The original guff about having a “modern, agile and digitally enabled brand” was always likely to collide with the reality that a name that causes the reader to pause for breath doesn’t work unless you’re sending a text message.

Abrdn executives seem to have spent half their time explaining the pronunciation, or inviting fresh ridicule by grumbling about the wicked media’s “childish jokes”.

The other excuse, back in 2021, was that Scotland’s oil capital had already bagged the relevant website domain names, obliging the company to do something different.

That supposedly insurmountable obstacle has now been removed by becoming, in full, “aberdeen group”, which should not have required great genius. Sir Douglas Flint, the soon-to-depart chair who is normally a plain speaker, could have saved a lot of bother by insisting on common sense at the outset.

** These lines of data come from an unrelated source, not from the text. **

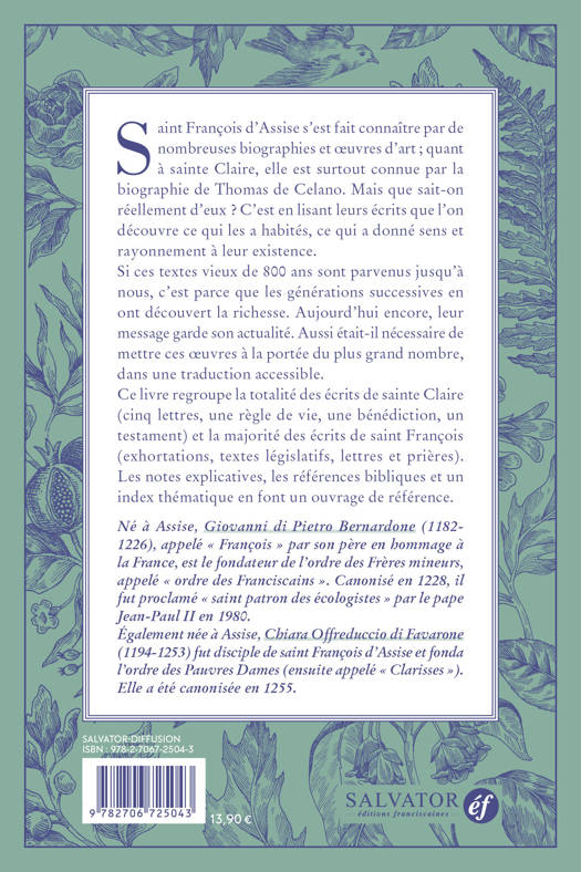 Saint François s'est fait connaître par de nombreuses biographies et Åuvres d'art, sainte Claire, dans son sillage, est aussi connue par la biographie qu'en a faite Thomas de Celano. Mais que sait-on réellement d'eux ? C'est en lisant leurs écrits que l'on découvre ce qui les a habités, ce qui a donné sens, dynamisme et rayonnement à leur existence. Si ces textes vieux de 800 ans sont parvenus jusqu'à nous, c'est parce que les générations qui nous les ont transmis en ont découvert la richesse. Aujourd'hui encore, leur message garde toute son actualité. Aussi était-il nécessaire de mettre à la portée du plus grand nombre ces écrits, dans une traduction simple (tout en étant fidèle au texte latin) et facile à comprendre directement par une génération qui ignore souvent le vocabulaire religieux ou n'en perçoit plus la plénitude de sens. Ce livre regroupe ainsi la totalité des écrits de sainte Claire et la majorité des écrits et la majorité des écrits de saint François.
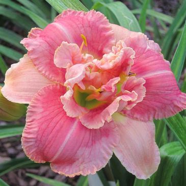 (D537-1) [DIVAS IN DIAMONDS X OUT OF THE PARK] TET 44" 8" SEv M, 5 branches and 24 buds, UF crispate. Best seedling at the 2019 Piedmont Daylily Club Show in 2019. Named for a very special lady my daughter-in-law that over the years has turned into a "daughter. Pink with ruffled cream yellow edges and a vibrant green throat. Tall and gorgeous and a very special daylily. Fertile both ways. DF $50
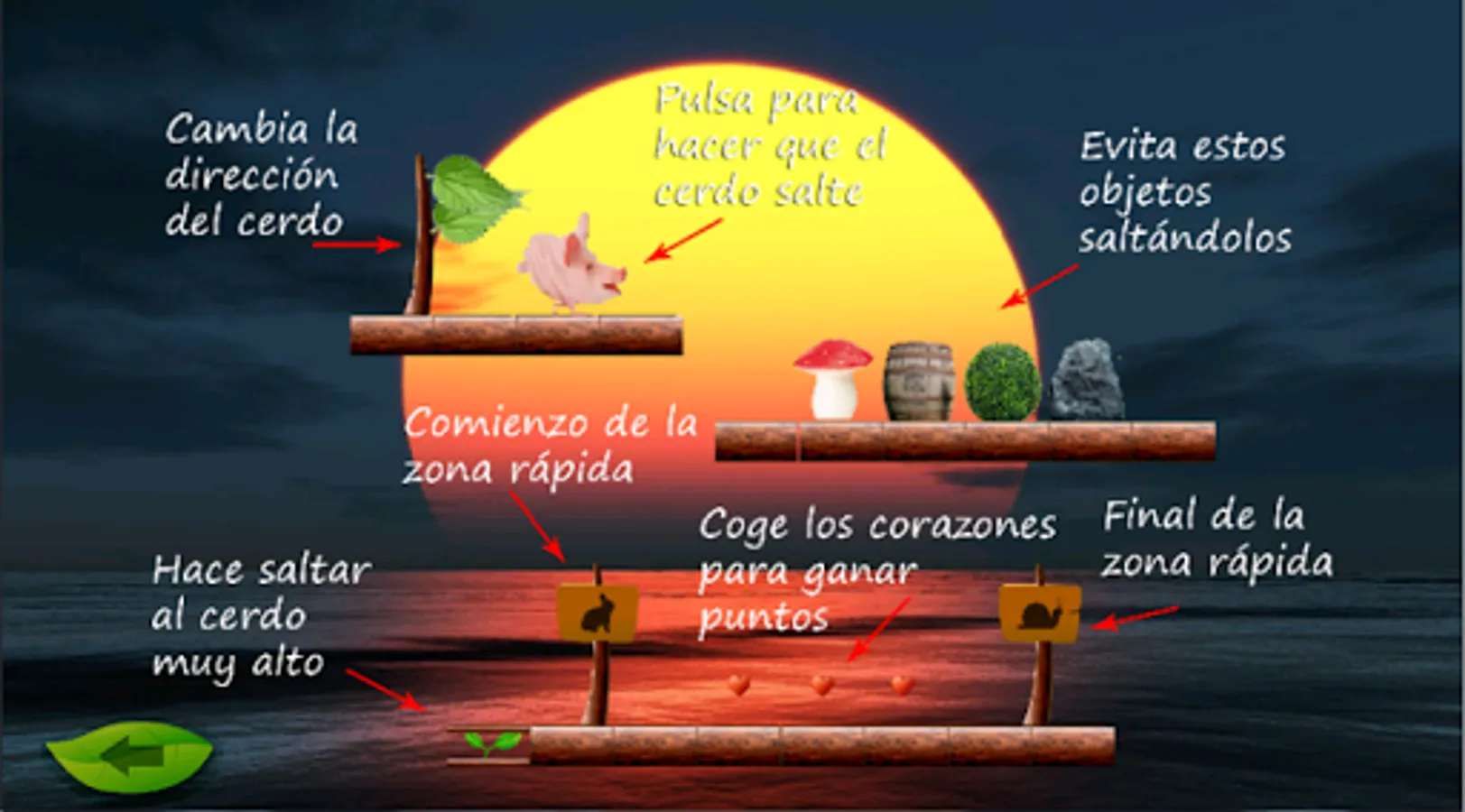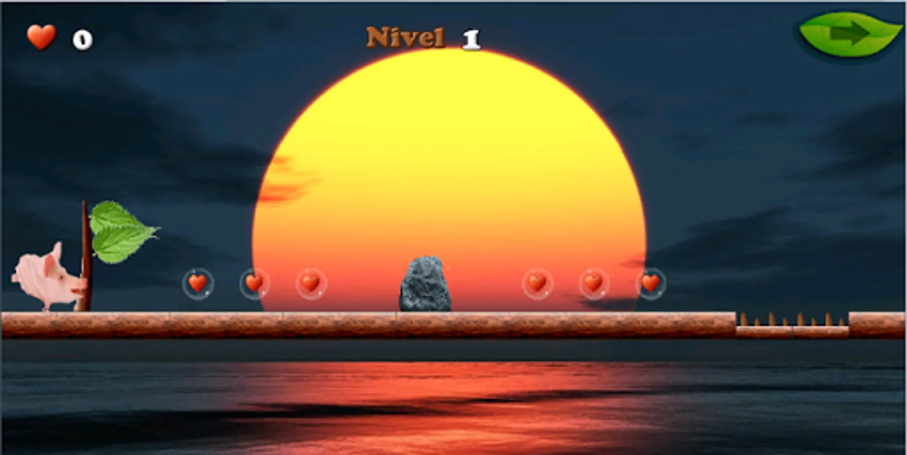 The Pig is in love and needs nourishment of hearts to keep alive the flame of passion, for it will run through the different levels where you will encounter many obstacles in their path (shrubs, rocks, mushrooms and barrels) other escoyos will be included in your path (ground spikes or different levels on the ground)
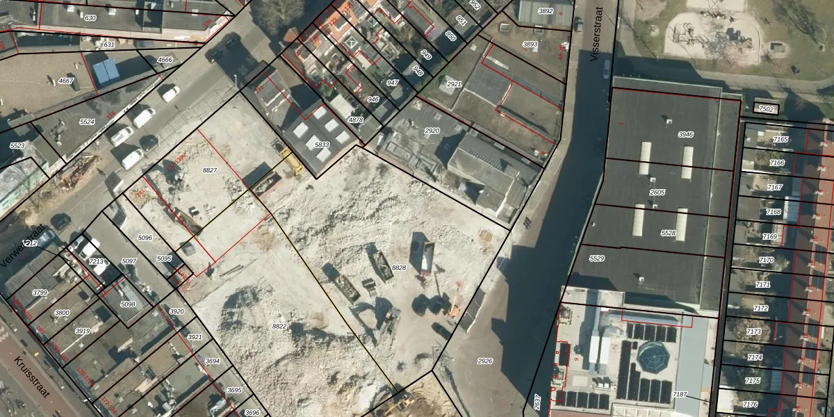 Het perceel waarop Visserstraat 10-19 staat heeft een oppervlakte van 1903 m². Dit is een zeer groot perceel. De perceeloppervlakte wordt geregistreerd door het Kadaster. Gedetailleerde informatie over de maten van dit perceel kunt u vinden in het rapport Kadastrale kaart met maatvoering van Visserstraat 10-19.
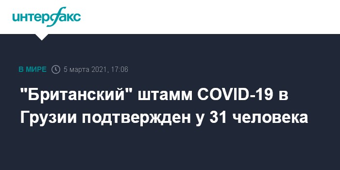 Москва. 5 марта. INTERFAX.RU - В Грузии у 31 человека подтвержден так называемый британский штамм коронавируса COVID-19, сообщил в пятницу заместитель генерального директора Национального центра по контролю за заболеваниями страны Паата Имнадзе.

Still, at least the numbers are looking better after years of disappointment for shareholders. The recent cost-cutting should be more lasting than the adventures in removing vowels.

Operating profits, after normal adjustments, rose 2% to £255m despite lower revenues. It was the group’s first profits growth for three years. It was also possible to glimpse, for the first time in ages, how this three-legged financial services creation might be able to move forwards in a straight line.

The group is the product of a grand 2017 merger that was a mashup of free-wheeling Aberdeen and sedate Standard Life but has changed immeasurably since then, notably via the 2018 sale of the insurance businesses to Phoenix.

In today’s form, Aberdeen comprises a traditional fund management business, albeit one that must specialise in fields such as emerging markets and real estate to avoid the giant US index trackers; a service platform for independent financial advisers; and Interactive Investor, the retail platform for DIY retail investors that was acquired on Bird’s watch for £1.5bn.

The mix is now styled as a “wealth and investments group” and, despite its oddness, all three units ought to be capable of growth and staying under the same roof.

In his other eye-catching move, Windsor, promoted from chief financial officer a year after arrival from Aviva, started by setting a target for operating profits – £300m in 2026, or about a fifth better than the 2024 outcome – which read as a statement of confidence. The shares rose 7%, a rare experience for investors in recent years.

We’ve been here before with this company, of course. In his time, ex-Citigroup Bird was also presented as a new broom. But ditching the distraction of a ridiculous name is a credibility-enhancing start.

Other companies take note: if you have to ask how to pronounce a new name, you’ve got the wrong one. The only exception is Relx, the brilliantly performing (and two syllable) analytics business that is now the UK’s fifth largest listed company.